[WHAT TO PRODUCE]: From the first line of the records below, transcribe each line exactly up to and including the one with "При моделировании полости"; pictures stay out.

[RECORDED INFORMATION]:
:::::

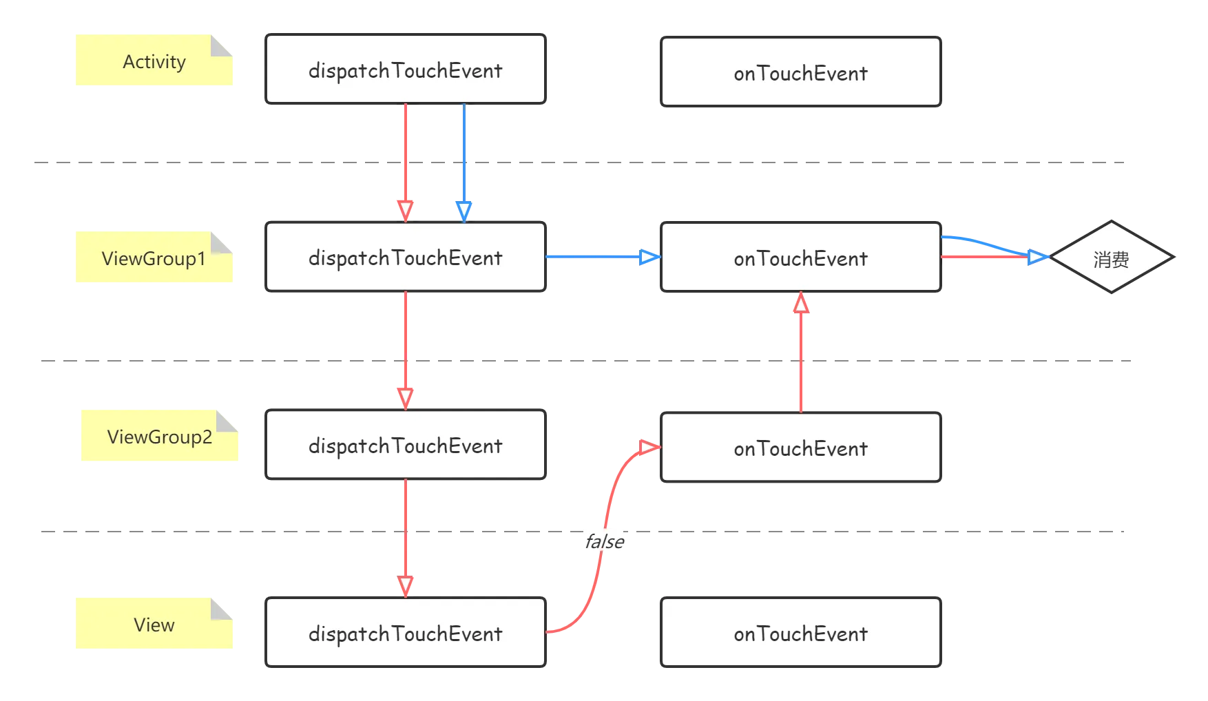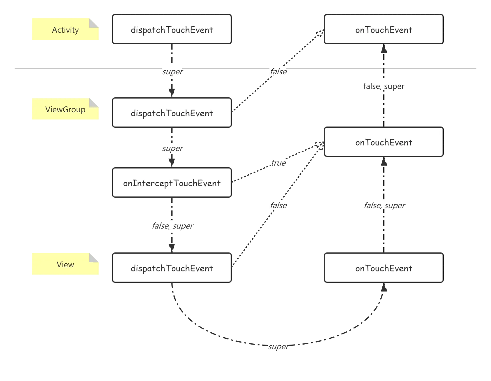 对于下一级 ViewGroup 的 dispatchTouchEvent 来讲,返回 true 同样消费事件立即终止传递。返回 false 则会回溯到上一层的 onTouchEvent。调用 super 则继续向下传递。
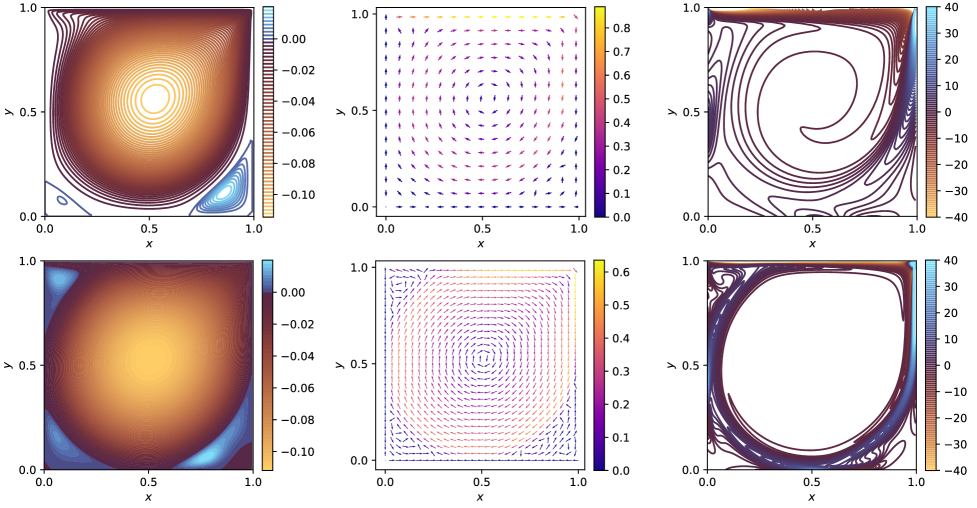 При моделировании полости с крышкой, управляемой крышкой, на сетке 128 × 128 при Re = 1000 и на сетке 256 × 256 при Re = 10000 в установившемся состоянии, анализ функций тока ψ, полей скорости u=(u,v) и вихря ω демонстрирует соответствие результатов, полученных с использованием бозонного симулятора и эволюции по правилу Эйлера, расчетам DNS.
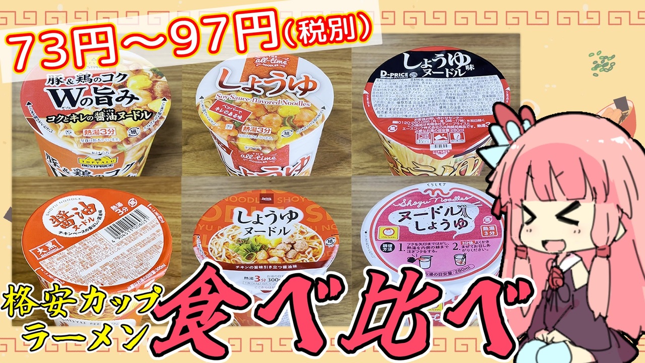 (6/19追記アリ)<br><br>カップラーメン、100円以下じゃないと買うのをためらってしまいがち。<br>そんな同志たちへ向けた、物価の上昇に抗った食べ比べ動画です。<br> <br>たまにはこういう動画作るのも楽しいな、ふへへ(°∀°*)<br><br>00:00 導入<br>01:30 トップバリュ ベストプライス(イオン)<br>04:21 THE all-time NOODLES(イオン)<br>06:00 D-PRICE(ラ・ムー)<br>07:18 大黒(業務スーパー)<br>08:25 ベイシア<br>10:05 くらしモア<br>11:48 結果発表<br><br><br>※※※6/19追記※※※<br><br>【悲報】TVBP「豚&鶏のコク~」が本体価格117円に<br><br>先日買い物に行ったところ、上記の値段になってました。<br>動画にしたところなのに!ヒドイ!( ;∀; )<br><br>というワケで、残念ながらTVBPは本動画の”格安”から外れてしまいました…。<br>しかも公式HPを見ると、本体価格128円との記載。<br>値上げの可能性もありますが、たまたまうちの近所だけ長いこと97円のセールをしてた可能性が高いカモ(´・ω・`)<br><br>…つまりは平和堂が最強ってことやな!ガハハ!!(°∀°`)<br><br><br>Twitter:<a href="https://twitter.com/morimocchannel" target="_blank" rel="noopener nofollow">https://twitter.com/morimocchannel</a>
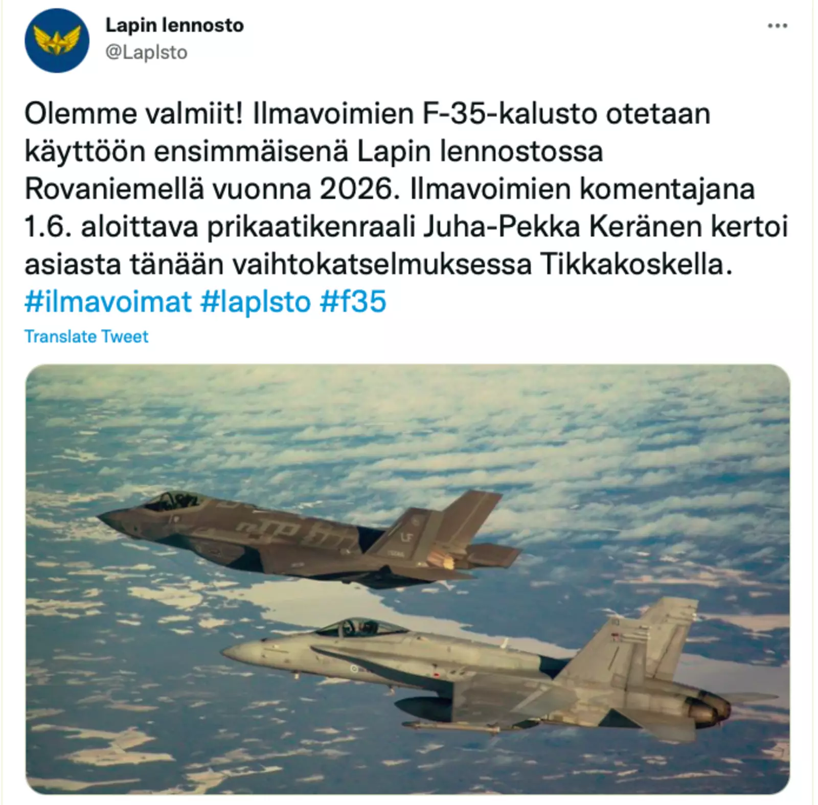 «Первые ВВС F-35 будут в первую очередь переданы Лапландскому воздушному командованию в Рованиеми в 2026 году», — заявил командующий ВВС бригадный генерал Юха-Пекка Керянен.
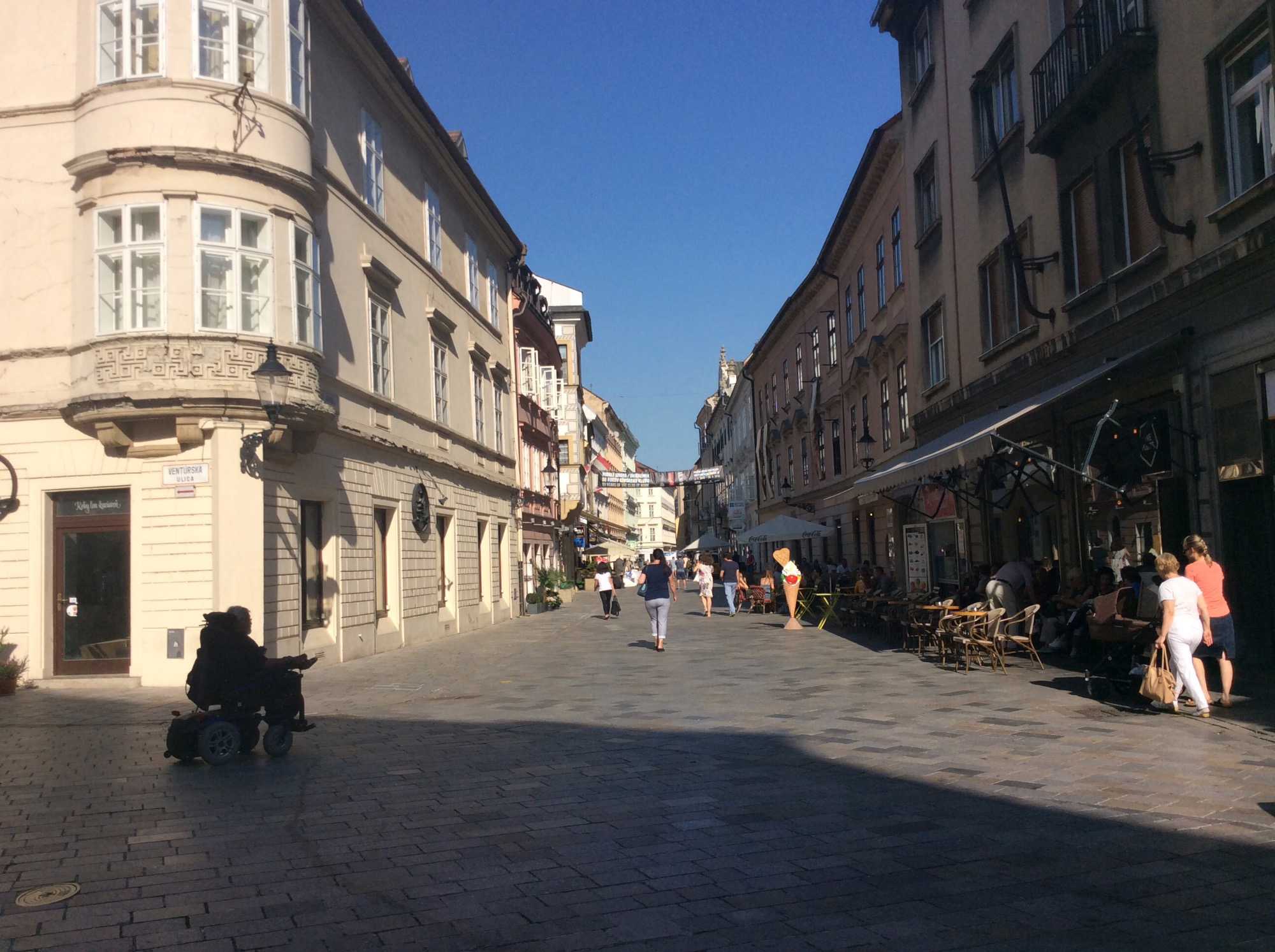 La Slovaquie est un petit pays de 5 millions d’habitants qui, autrefoism avec la République Tchèque formait la Tchécoslovaquie. Après un dîner au centre de la vieille ville, nous avons une heure de temps libre pour faire du shopping au bonheur des femmes. Il fait un soleil de plomb aujourd’hui avec 32 degrés. Notre guide locale vient à notre rencontre et ensemble nous partons dans les rues pavées à la découverte de la vieille ville.
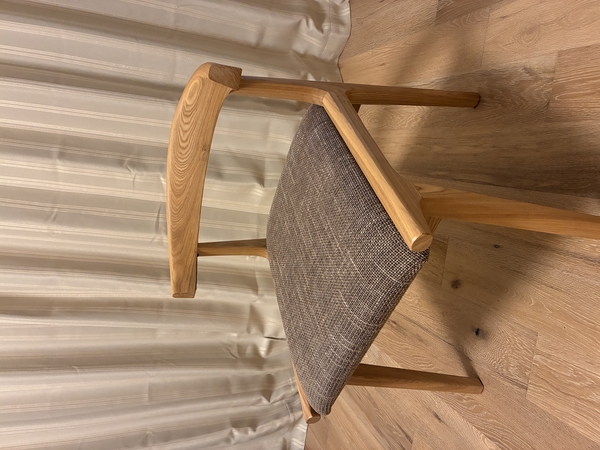 元々所有していたオーク無垢材のダイニングテーブルに合わせるつもりで、ライトグレーを購入しました。
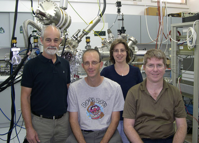 משמאל לימין: ד"ר איתן גרוסמן, רונן ורקר, ד"ר אירינה גוזמן, פרופ' נעם אליעז, על רקע המעבדה לדימוי סביבת החלל במרכז למחקר גרעיני שורק. (צילום: באדיבות פרופ' נעם אליעז)
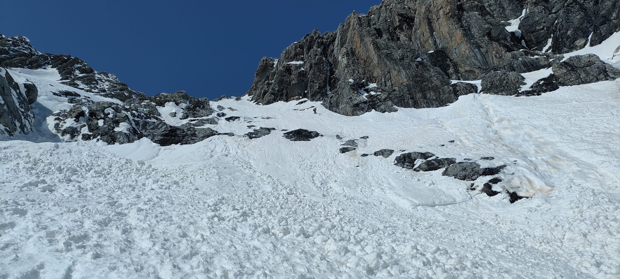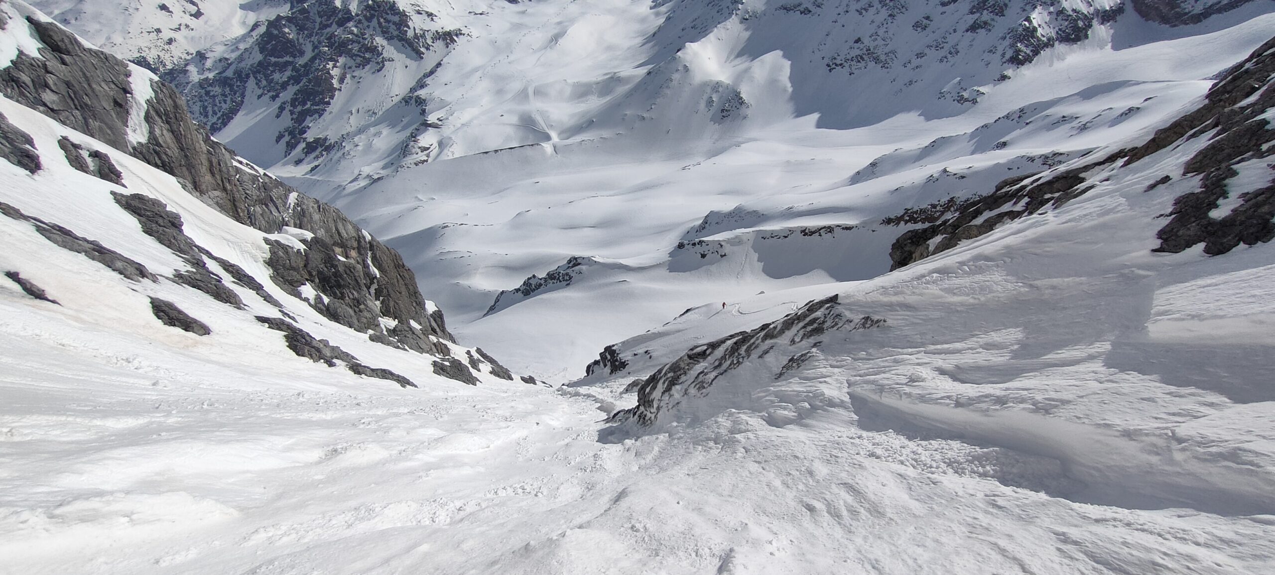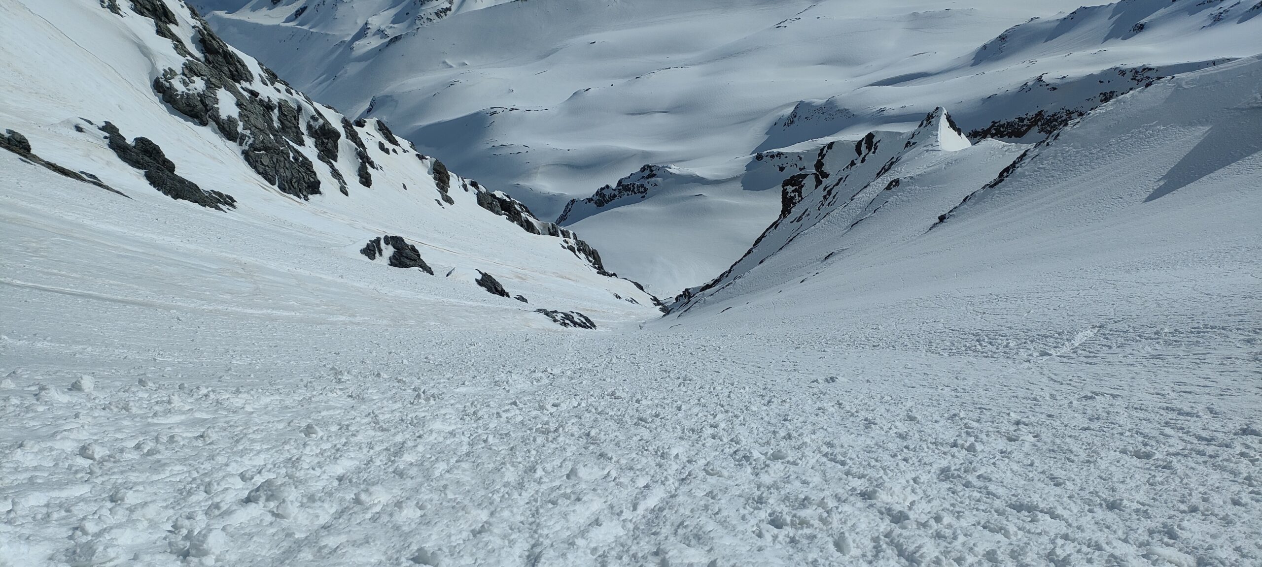 Dopo la parte più ripida la pala che con i suoi 40-45° consente di rilassarsi. Arrivati al collo di bottiglia si piega a sx e si scende dalla via di salita. Considerare che arrivati al collo di bottiglia siete a 1/3 della discesa. Il canale continua sui 45° e presenta nella parte finale tratti a 50/55°.
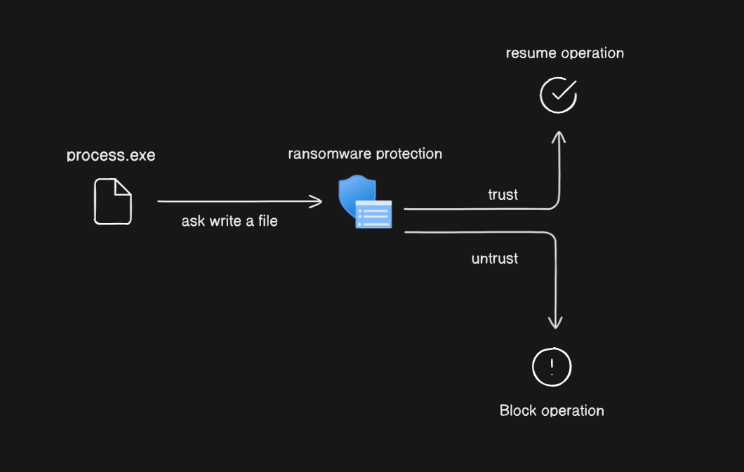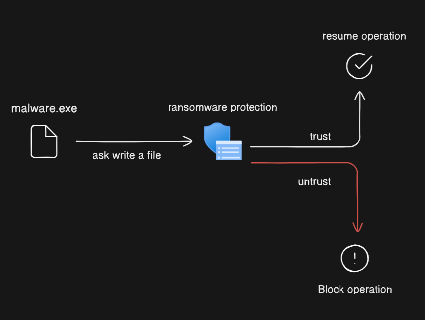الحين يوم عرفنا كيف الحماية شغاله نقدر نستنتج اكثر من طريقة عشان نتخطاها وحده من الطرق اللي جربتها و ضبطت علطول اني اخلي trusted process هي اللي تكتب بالملف بس لو نجرب نكتب ملف في بروسيس مو موثوقة بيصير كذا&#x20;
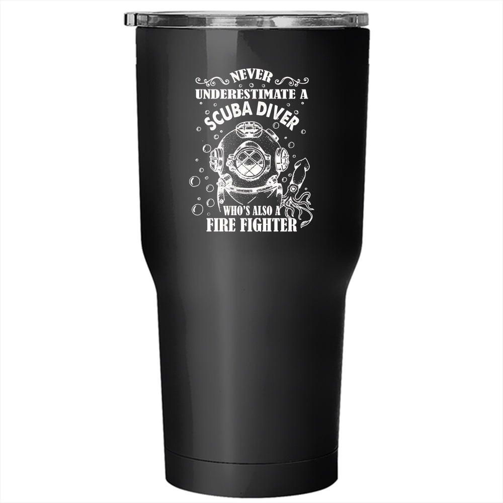 Scuba Diver Is Also A Fire Fighter Tumbler 30 oz Stainless Steel, Awesome Scuba Diver Travel Mug
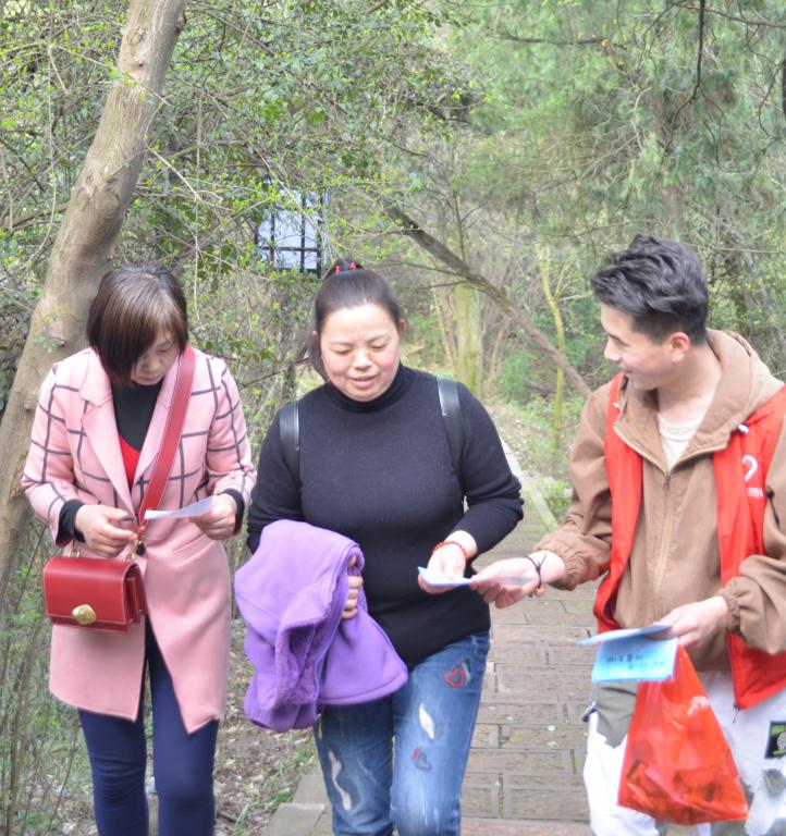 活动当日,志愿者们分成两组,一组负责对西山景区各条道路沿线环境进行巡查,理清散落在各处的垃圾;另一组向游客发放宣传单页,呼吁广大市民不乱丢乱扔,保护环境从我做起,并对不文明现象进行劝阻。

:::::

[TASK ANSWER]:
 对于下一级 ViewGroup 的 dispatchTouchEvent 来讲,返回 true 同样消费事件立即终止传递。返回 false 则会回溯到上一层的 onTouchEvent。调用 super 则继续向下传递。
 При моделировании полости с крышкой, управляемой крышкой, на сетке 128 × 128 при Re = 1000 и на сетке 256 × 256 при Re = 10000 в установившемся состоянии, анализ функций тока ψ, полей скорости u=(u,v) и вихря ω демонстрирует соответствие результатов, полученных с использованием бозонного симулятора и эволюции по правилу Эйлера, расчетам DNS.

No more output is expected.